The three of them walked into the house.
“Where did you sleep?” Elizabeth Saari asked without expression.
“I was expecting that,” Horne chuckled.
“Where?” she repeated.
“In there,” he said, waving his hand at the living room. The fingers of his other hand fished in a pocket for the key. “The dog and I slept in there. I slept on the floor.”
She walked to the open bedroom door and looked in. Behind her back Wiedenbeck caught Horne’s glance and raised an expressive eyebrow in mute questioning. Horne winked at him. Wiedenbeck jerked his thumb at the lock in exasperation.
Horne inserted the key in the lock, twisted it, felt it give, and pushed. The regular lock below the doorknob still held. Impatiently, Sergeant Wiedenbeck jerked a ring of keys from his pocket, fitted a skeleton key into the second lock and turned it. Horne turned the knob and shoved the door inward.
Behind him, Dr. Saari burst out laughing.
“What,” Wiedenbeck wanted to know, “means that?” He pointed into the room. The room was bare of furniture and drapery. There was only a faded green rug and piled on the rug in a huge mass of metal were thousands upon thousands of silver dollars. It looked as if it had been dumped there by a wheelbarrow.
Round-eyed, Horne explained. “She didn’t trust the government. Betty didn’t trust anyone, much. Paper dollars can become valueless. Silver dollars always have value.” He paused to consider something. “Look, it’s mine, all mine. I wonder how many are there?”

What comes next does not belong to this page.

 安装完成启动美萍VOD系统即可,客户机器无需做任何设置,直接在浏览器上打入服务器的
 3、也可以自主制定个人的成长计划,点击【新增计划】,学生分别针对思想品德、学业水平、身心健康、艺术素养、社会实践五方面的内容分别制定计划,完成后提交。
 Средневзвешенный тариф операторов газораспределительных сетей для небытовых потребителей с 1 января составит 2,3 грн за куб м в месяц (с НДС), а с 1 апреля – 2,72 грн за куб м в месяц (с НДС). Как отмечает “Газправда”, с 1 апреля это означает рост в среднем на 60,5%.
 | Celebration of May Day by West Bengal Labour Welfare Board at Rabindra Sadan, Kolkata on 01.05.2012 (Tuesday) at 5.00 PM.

Wiedenbeck advanced into the room and waded into the pile of money. He kicked, flung his legs about, enjoying the sight of the dollars flying about the room.

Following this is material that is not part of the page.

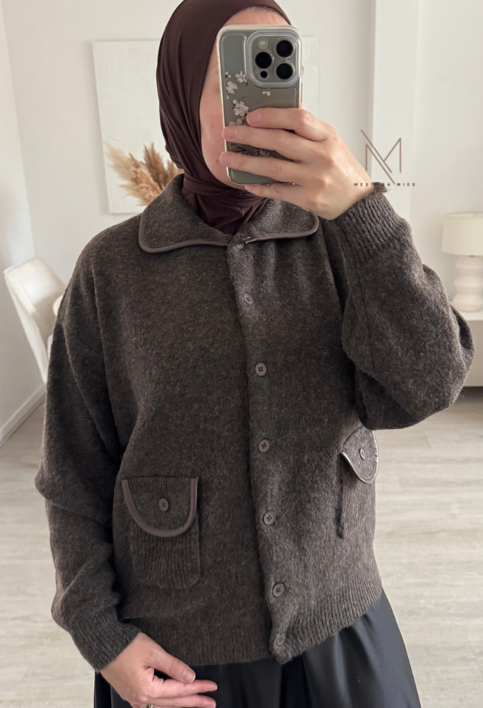 Geef je outfit elegante touch met dit donkerbruine vest. Het vest is afgewerkt met subtiele leren details langs de kraag en de zakken, wat zorgt voor een leuke uitstraling. De kleine zakken voegen niet alleen stijl toe, maar maken het vest ook praktisch in gebruik.

Elizabeth tapped the detective on the shoulder. He turned from the doorway with a question in his eyes.
“Just what,” she inquired softly, “did that woman mean to you?”
“To me? Nothing. Why, nothing at all!”
She let her eyes rest on the money and then on his face. The unspoken suggestion was eloquent.
“Honest, Elizabeth. She was just a batty doll who thought she owned me.”
“You mentioned,” she went on relentlessly, “a party at which you got drunk and passed out.”
“Oh, that. She doped the beer. She made another mistake. She doped it with an aphrodisiac.”
The girl’s eyes grew wide in startled wonder.
“You get the idea, doctor? That stuff mixed with beer put me to sleep. Honest.”
“Hey, look,” Wiedenbeck broke in on them, emerging from the room. “Look what I found. A dollar minted the same year I was born. Do you mind if I keep it, Horne?”